WHAT YOU WILL DO ▸ For this item, repeat the material exactly while omitting its pictures.

*** GIVEN MATERIAL Section Begins ***

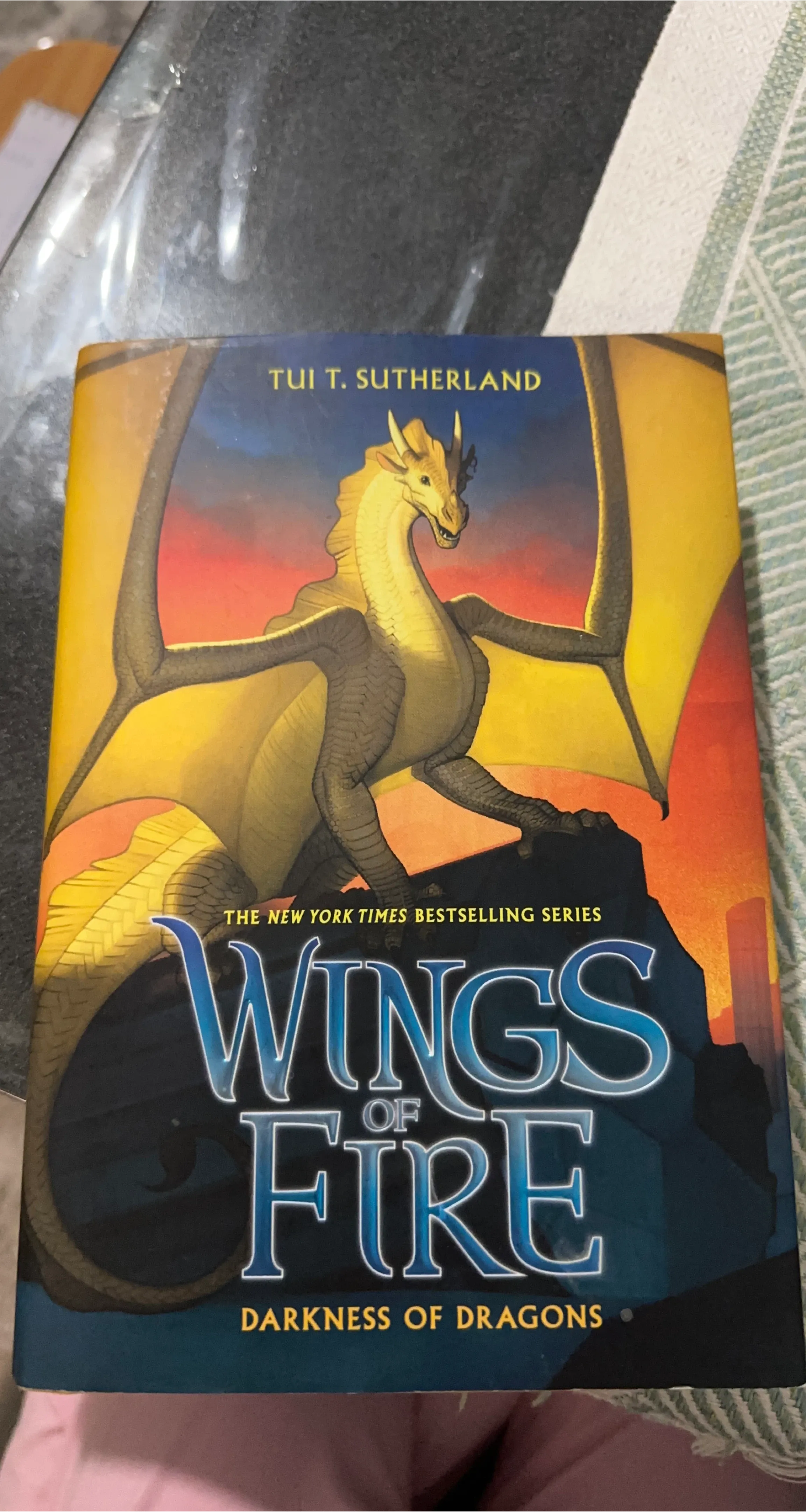 This is the book Darkness of Dragons, part of the New York Times bestselling Wings of Fire series. It's written by Tui T. Sutherland. Fans of dragon stories will love this.
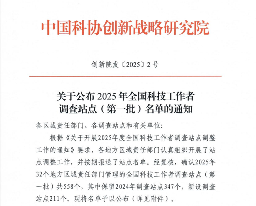 近日,中国科协公布了2025年全国科技工作者调查站点(第一批)名单,我校成功入选该名单,在黑龙江省科协指导下承担中国科协发布的各项工作任务。
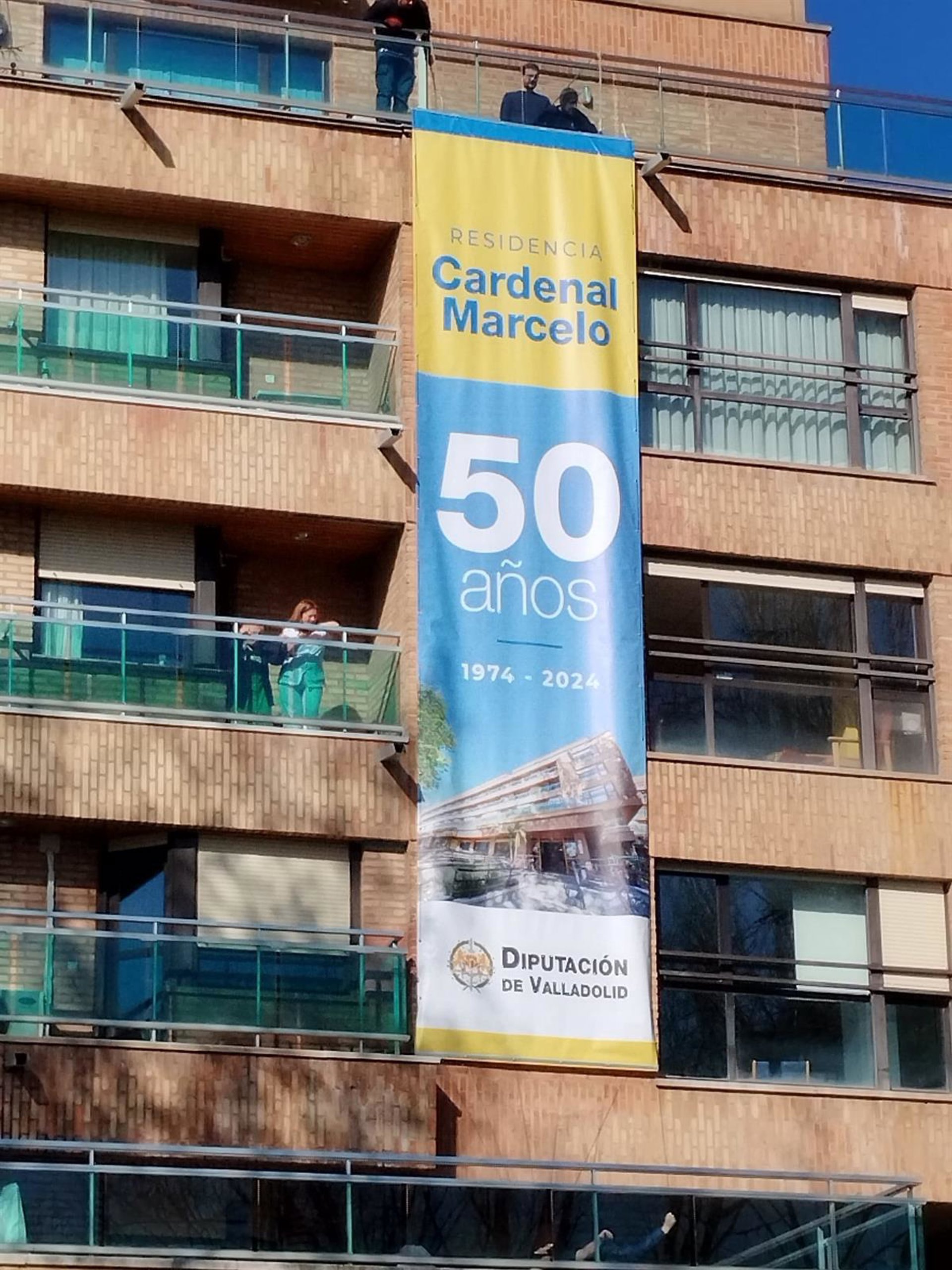 Pancarta que anuncia el 50 aniversario de la residencia Cardenal Marcelo. - DIP VALLADOLID

*** GIVEN MATERIAL Section Ends ***

YOUR RESPONSE ▸
 This is the book Darkness of Dragons, part of the New York Times bestselling Wings of Fire series. It's written by Tui T. Sutherland. Fans of dragon stories will love this.
 近日,中国科协公布了2025年全国科技工作者调查站点(第一批)名单,我校成功入选该名单,在黑龙江省科协指导下承担中国科协发布的各项工作任务。
 Pancarta que anuncia el 50 aniversario de la residencia Cardenal Marcelo. - DIP VALLADOLID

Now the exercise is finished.